> **Records shown**
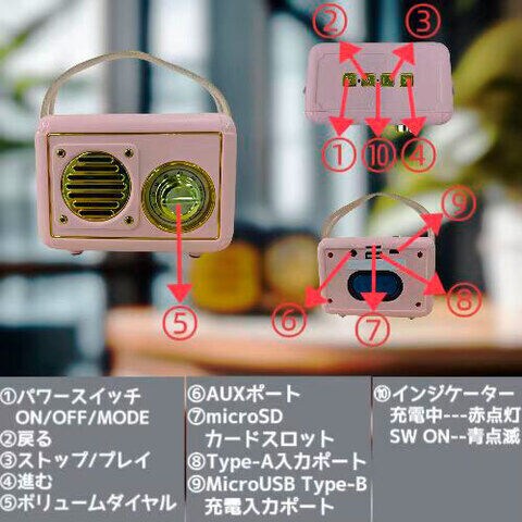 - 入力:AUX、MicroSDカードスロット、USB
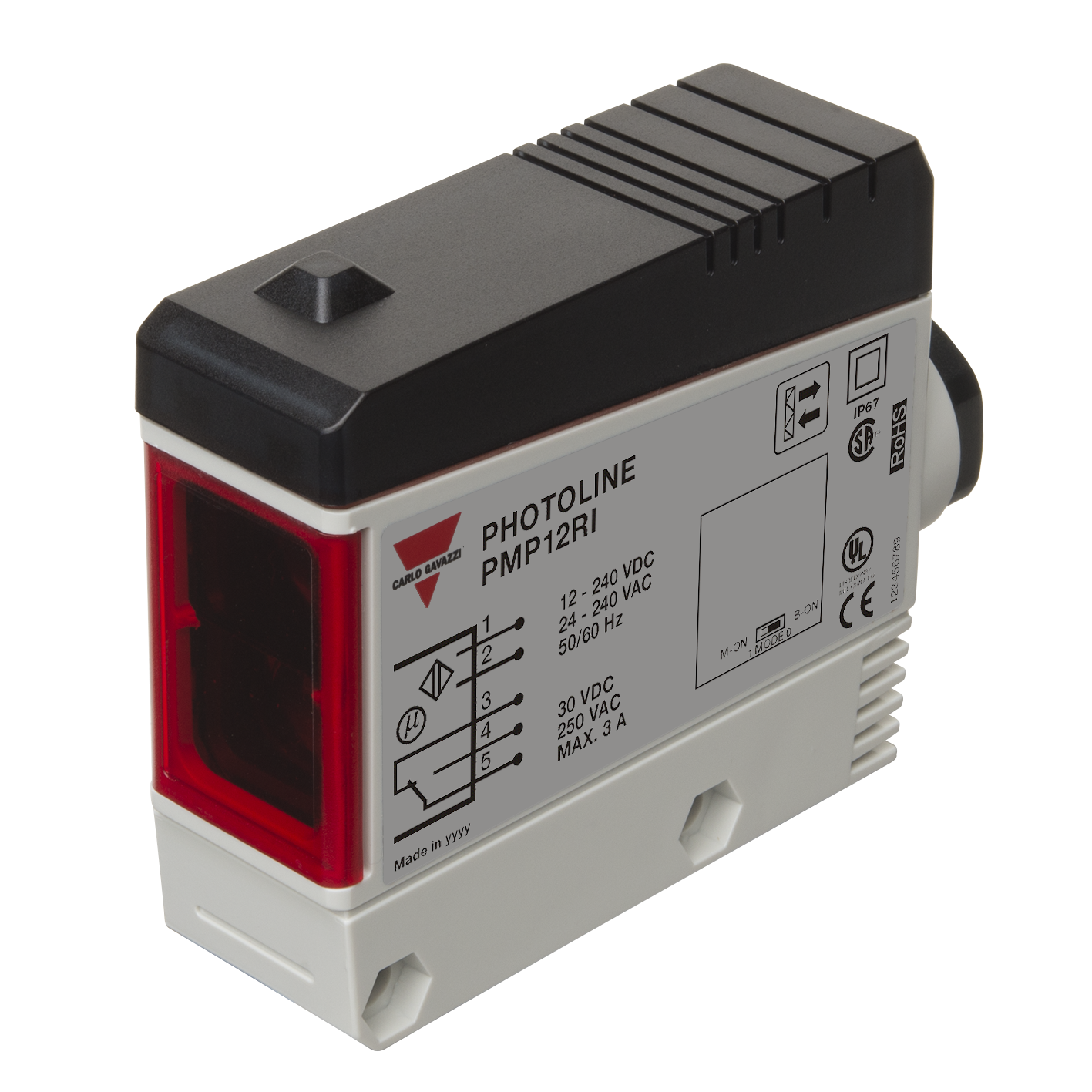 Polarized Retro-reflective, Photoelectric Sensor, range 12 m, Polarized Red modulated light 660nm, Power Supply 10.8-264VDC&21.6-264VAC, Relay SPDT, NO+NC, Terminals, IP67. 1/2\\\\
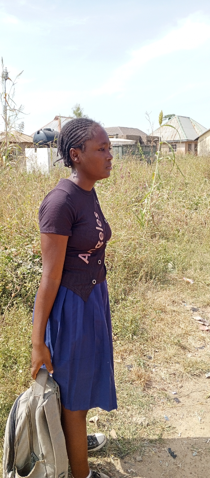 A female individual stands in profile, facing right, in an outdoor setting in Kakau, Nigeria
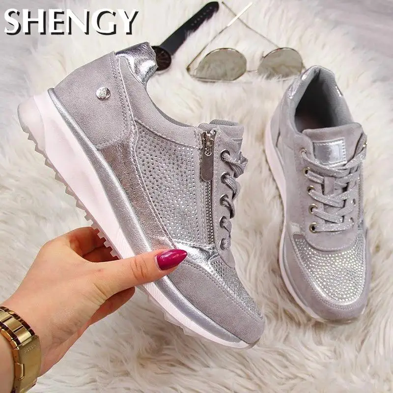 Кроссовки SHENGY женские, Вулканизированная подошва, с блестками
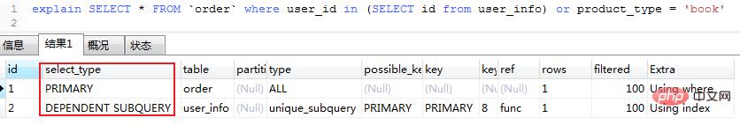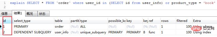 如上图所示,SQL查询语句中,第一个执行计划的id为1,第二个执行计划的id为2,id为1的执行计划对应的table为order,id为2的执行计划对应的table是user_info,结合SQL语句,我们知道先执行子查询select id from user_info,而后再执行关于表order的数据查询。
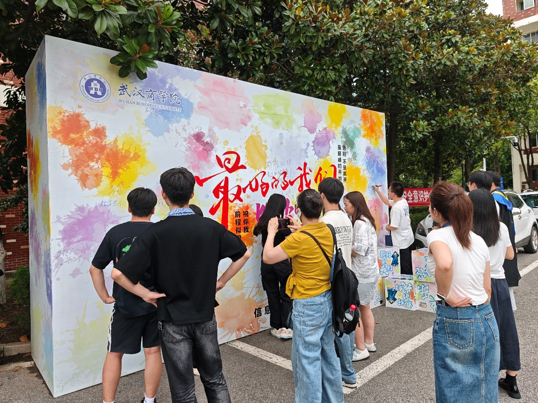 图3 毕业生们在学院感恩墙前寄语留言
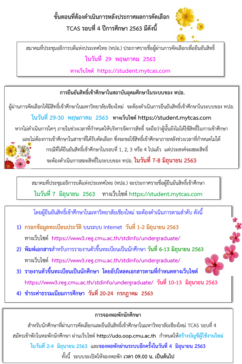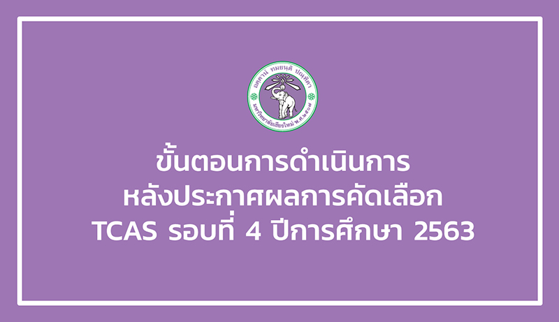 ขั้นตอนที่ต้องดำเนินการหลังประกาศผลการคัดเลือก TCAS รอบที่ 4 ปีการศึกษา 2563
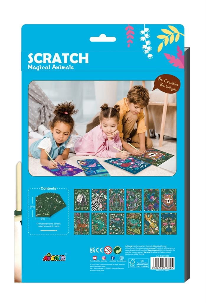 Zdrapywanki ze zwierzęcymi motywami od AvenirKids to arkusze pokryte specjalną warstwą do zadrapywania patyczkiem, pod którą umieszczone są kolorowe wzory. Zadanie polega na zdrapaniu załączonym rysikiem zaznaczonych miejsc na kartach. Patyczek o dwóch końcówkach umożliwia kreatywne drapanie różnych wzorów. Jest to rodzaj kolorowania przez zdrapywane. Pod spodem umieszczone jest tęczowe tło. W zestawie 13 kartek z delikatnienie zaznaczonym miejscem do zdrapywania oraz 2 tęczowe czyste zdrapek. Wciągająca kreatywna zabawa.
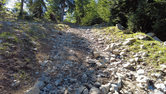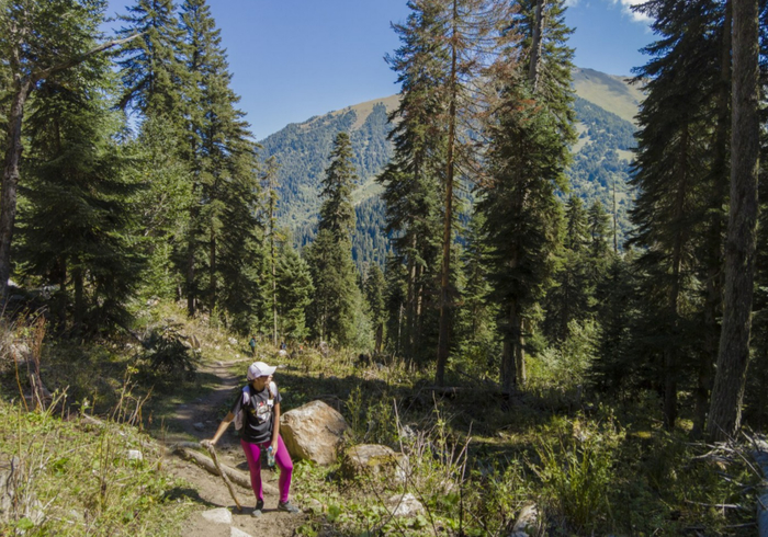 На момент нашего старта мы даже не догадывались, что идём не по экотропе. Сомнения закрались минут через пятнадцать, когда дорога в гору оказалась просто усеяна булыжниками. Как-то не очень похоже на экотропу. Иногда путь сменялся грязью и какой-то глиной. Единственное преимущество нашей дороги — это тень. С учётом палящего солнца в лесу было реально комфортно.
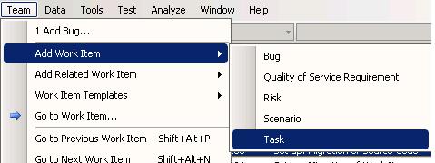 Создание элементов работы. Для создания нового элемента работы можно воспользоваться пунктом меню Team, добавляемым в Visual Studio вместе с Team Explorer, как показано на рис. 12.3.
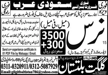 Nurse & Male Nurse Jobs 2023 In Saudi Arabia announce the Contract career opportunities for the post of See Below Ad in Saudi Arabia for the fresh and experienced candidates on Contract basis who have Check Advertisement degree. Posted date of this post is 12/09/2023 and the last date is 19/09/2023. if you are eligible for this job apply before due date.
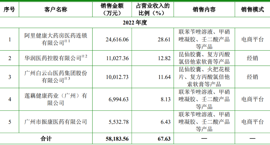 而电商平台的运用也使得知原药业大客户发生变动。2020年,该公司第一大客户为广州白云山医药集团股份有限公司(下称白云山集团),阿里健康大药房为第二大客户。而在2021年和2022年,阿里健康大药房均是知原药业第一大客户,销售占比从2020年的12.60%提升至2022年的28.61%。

> **Task objective**
The listing above should be transcribed word for word, with its pictures left out.

> **Exercise solution**
 - 入力:AUX、MicroSDカードスロット、USB
 Polarized Retro-reflective, Photoelectric Sensor, range 12 m, Polarized Red modulated light 660nm, Power Supply 10.8-264VDC&21.6-264VAC, Relay SPDT, NO+NC, Terminals, IP67. 1/2\\\\
 A female individual stands in profile, facing right, in an outdoor setting in Kakau, Nigeria
 Кроссовки SHENGY женские, Вулканизированная подошва, с блестками
 如上图所示,SQL查询语句中,第一个执行计划的id为1,第二个执行计划的id为2,id为1的执行计划对应的table为order,id为2的执行计划对应的table是user_info,结合SQL语句,我们知道先执行子查询select id from user_info,而后再执行关于表order的数据查询。
 图3 毕业生们在学院感恩墙前寄语留言
 ขั้นตอนที่ต้องดำเนินการหลังประกาศผลการคัดเลือก TCAS รอบที่ 4 ปีการศึกษา 2563
 Zdrapywanki ze zwierzęcymi motywami od AvenirKids to arkusze pokryte specjalną warstwą do zadrapywania patyczkiem, pod którą umieszczone są kolorowe wzory. Zadanie polega na zdrapaniu załączonym rysikiem zaznaczonych miejsc na kartach. Patyczek o dwóch końcówkach umożliwia kreatywne drapanie różnych wzorów. Jest to rodzaj kolorowania przez zdrapywane. Pod spodem umieszczone jest tęczowe tło. W zestawie 13 kartek z delikatnienie zaznaczonym miejscem do zdrapywania oraz 2 tęczowe czyste zdrapek. Wciągająca kreatywna zabawa.
 На момент нашего старта мы даже не догадывались, что идём не по экотропе. Сомнения закрались минут через пятнадцать, когда дорога в гору оказалась просто усеяна булыжниками. Как-то не очень похоже на экотропу. Иногда путь сменялся грязью и какой-то глиной. Единственное преимущество нашей дороги — это тень. С учётом палящего солнца в лесу было реально комфортно.
 Создание элементов работы. Для создания нового элемента работы можно воспользоваться пунктом меню Team, добавляемым в Visual Studio вместе с Team Explorer, как показано на рис. 12.3.
 Nurse & Male Nurse Jobs 2023 In Saudi Arabia announce the Contract career opportunities for the post of See Below Ad in Saudi Arabia for the fresh and experienced candidates on Contract basis who have Check Advertisement degree. Posted date of this post is 12/09/2023 and the last date is 19/09/2023. if you are eligible for this job apply before due date.
 而电商平台的运用也使得知原药业大客户发生变动。2020年,该公司第一大客户为广州白云山医药集团股份有限公司(下称白云山集团),阿里健康大药房为第二大客户。而在2021年和2022年,阿里健康大药房均是知原药业第一大客户,销售占比从2020年的12.60%提升至2022年的28.61%。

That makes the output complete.